» **Data supplied**
"""

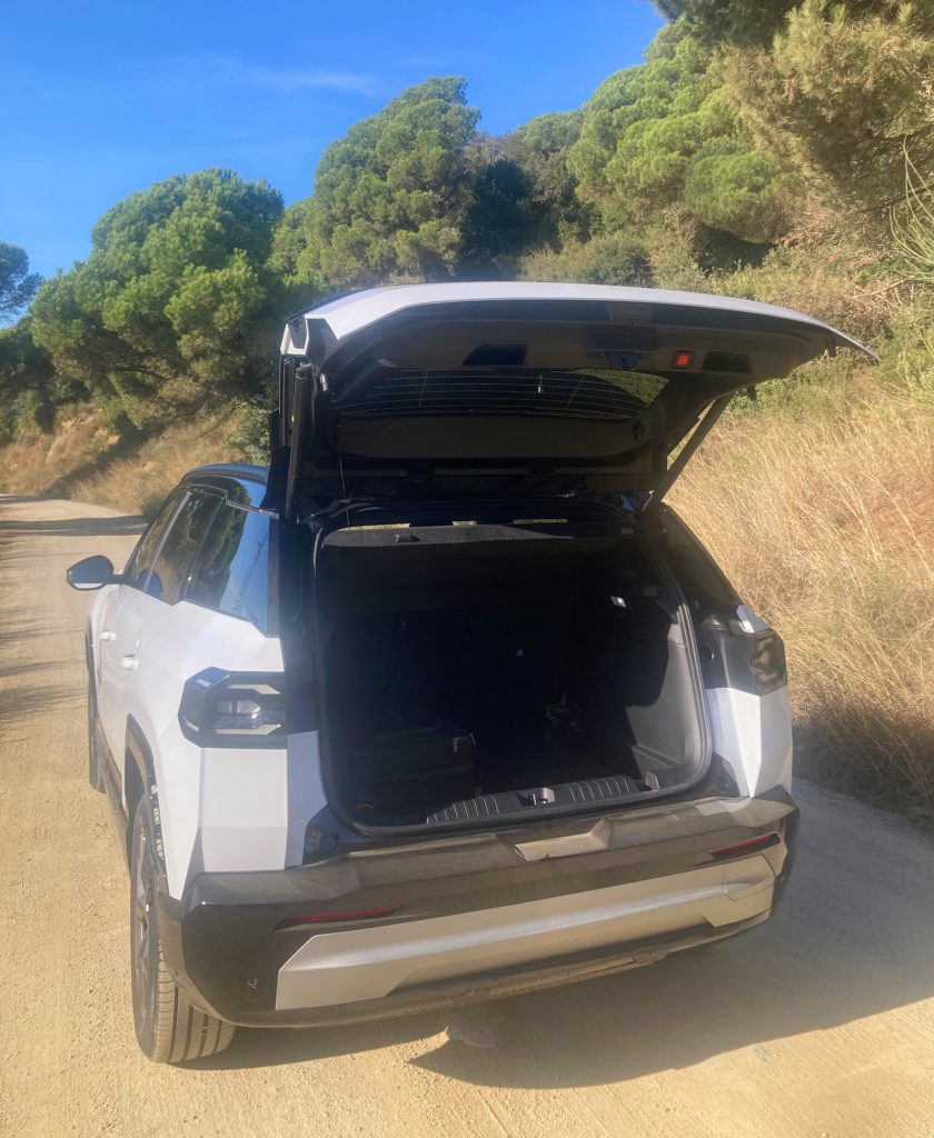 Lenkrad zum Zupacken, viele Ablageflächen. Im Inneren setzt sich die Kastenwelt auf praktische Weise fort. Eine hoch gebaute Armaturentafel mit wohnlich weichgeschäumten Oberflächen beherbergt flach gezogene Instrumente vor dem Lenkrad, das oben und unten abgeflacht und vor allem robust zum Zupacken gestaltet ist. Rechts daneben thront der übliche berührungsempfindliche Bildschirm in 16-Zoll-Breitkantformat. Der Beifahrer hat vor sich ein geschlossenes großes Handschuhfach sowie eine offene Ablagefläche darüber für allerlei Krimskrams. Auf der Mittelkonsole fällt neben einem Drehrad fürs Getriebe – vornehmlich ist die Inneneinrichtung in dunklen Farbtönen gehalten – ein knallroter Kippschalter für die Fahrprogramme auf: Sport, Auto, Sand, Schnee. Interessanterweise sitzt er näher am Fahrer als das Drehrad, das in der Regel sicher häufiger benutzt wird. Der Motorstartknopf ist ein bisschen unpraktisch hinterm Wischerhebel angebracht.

"""
"""

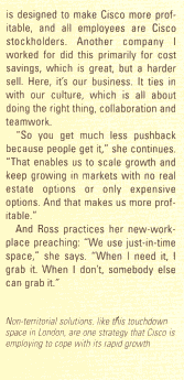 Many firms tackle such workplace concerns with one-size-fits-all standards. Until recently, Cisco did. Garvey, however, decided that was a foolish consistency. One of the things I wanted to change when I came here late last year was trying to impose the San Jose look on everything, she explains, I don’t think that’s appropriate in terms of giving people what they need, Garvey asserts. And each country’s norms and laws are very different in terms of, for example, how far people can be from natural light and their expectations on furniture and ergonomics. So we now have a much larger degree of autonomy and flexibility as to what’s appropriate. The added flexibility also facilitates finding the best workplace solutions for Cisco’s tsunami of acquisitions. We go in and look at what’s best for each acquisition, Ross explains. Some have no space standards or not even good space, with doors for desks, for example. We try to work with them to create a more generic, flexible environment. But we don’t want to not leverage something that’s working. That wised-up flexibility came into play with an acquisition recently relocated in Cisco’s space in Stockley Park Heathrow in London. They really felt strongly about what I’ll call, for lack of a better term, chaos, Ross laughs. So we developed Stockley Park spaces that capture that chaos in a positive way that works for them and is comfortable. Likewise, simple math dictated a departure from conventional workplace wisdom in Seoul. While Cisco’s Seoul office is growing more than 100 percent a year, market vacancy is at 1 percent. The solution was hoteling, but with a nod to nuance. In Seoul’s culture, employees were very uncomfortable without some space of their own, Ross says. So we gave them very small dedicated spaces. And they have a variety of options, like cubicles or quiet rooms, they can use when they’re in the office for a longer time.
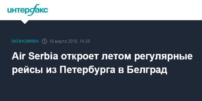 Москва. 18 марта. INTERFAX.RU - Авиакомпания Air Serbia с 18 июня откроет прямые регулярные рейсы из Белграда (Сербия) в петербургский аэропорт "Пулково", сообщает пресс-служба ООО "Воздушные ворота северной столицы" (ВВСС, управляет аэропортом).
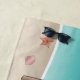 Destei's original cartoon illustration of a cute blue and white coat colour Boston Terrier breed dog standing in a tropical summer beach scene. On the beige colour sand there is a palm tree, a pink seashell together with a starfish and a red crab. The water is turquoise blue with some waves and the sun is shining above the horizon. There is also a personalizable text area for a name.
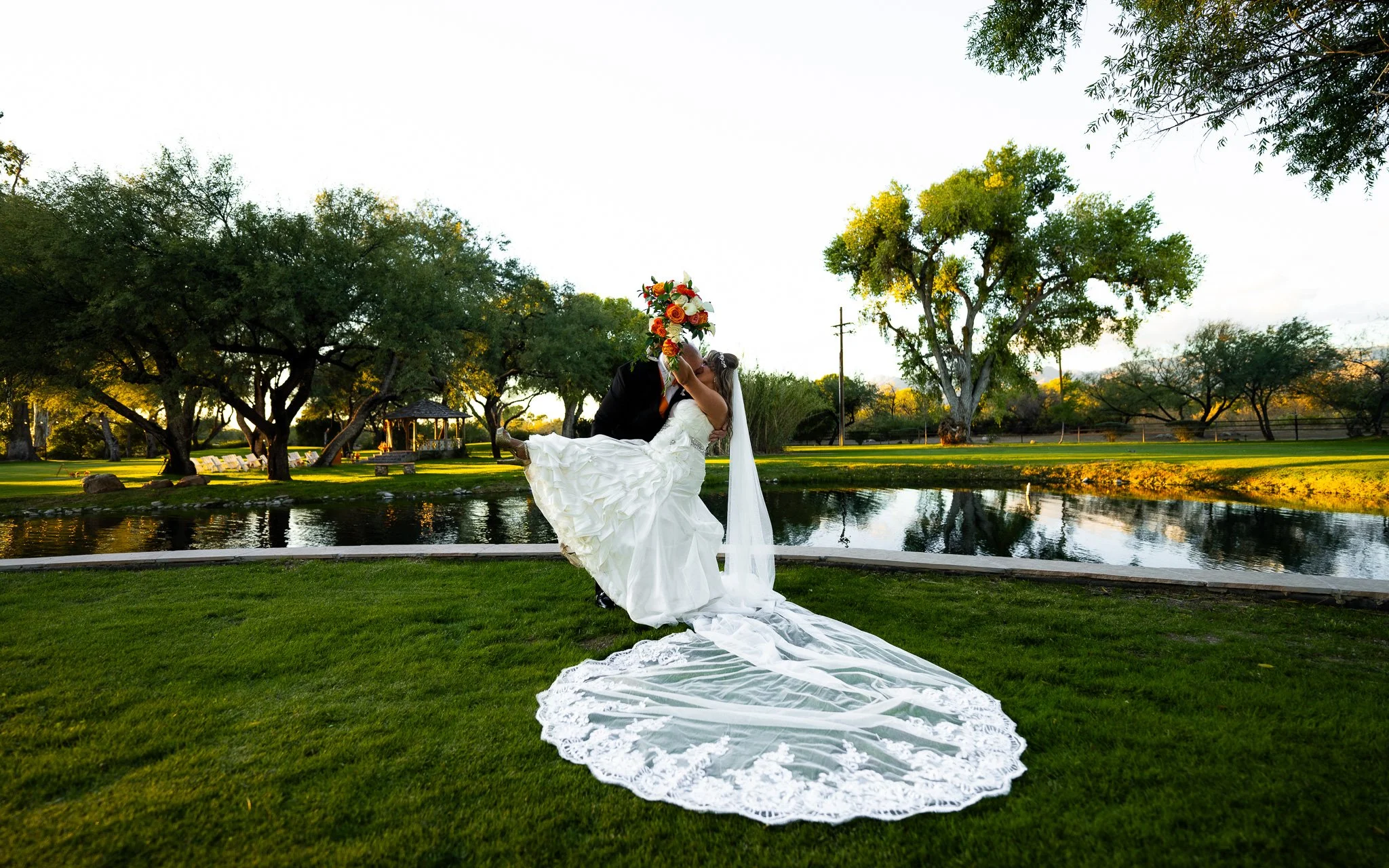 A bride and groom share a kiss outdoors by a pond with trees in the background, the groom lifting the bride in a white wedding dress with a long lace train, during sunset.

"""
"""

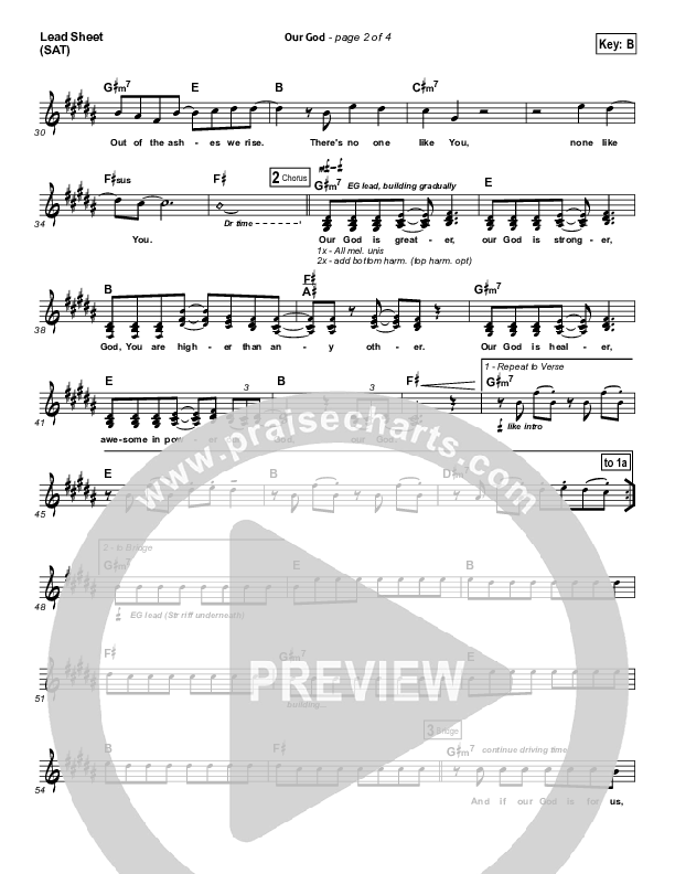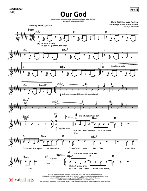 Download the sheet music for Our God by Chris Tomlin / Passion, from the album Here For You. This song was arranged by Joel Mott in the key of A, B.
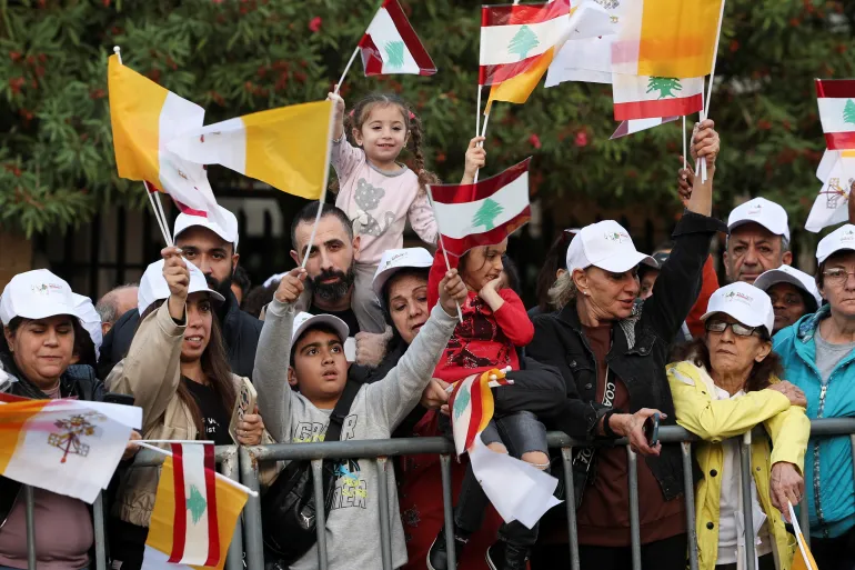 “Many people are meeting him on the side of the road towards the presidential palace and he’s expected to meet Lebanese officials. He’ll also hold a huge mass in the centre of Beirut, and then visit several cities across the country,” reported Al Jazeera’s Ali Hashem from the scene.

"""

» **What is needed**
Starting with the line that contains "Destei's original cartoon" and finishing with the line that contains "A bride and", reproduce every line of the material above exactly, but not the pictures.

» **Answer to this exercise**
 Destei's original cartoon illustration of a cute blue and white coat colour Boston Terrier breed dog standing in a tropical summer beach scene. On the beige colour sand there is a palm tree, a pink seashell together with a starfish and a red crab. The water is turquoise blue with some waves and the sun is shining above the horizon. There is also a personalizable text area for a name.
 A bride and groom share a kiss outdoors by a pond with trees in the background, the groom lifting the bride in a white wedding dress with a long lace train, during sunset.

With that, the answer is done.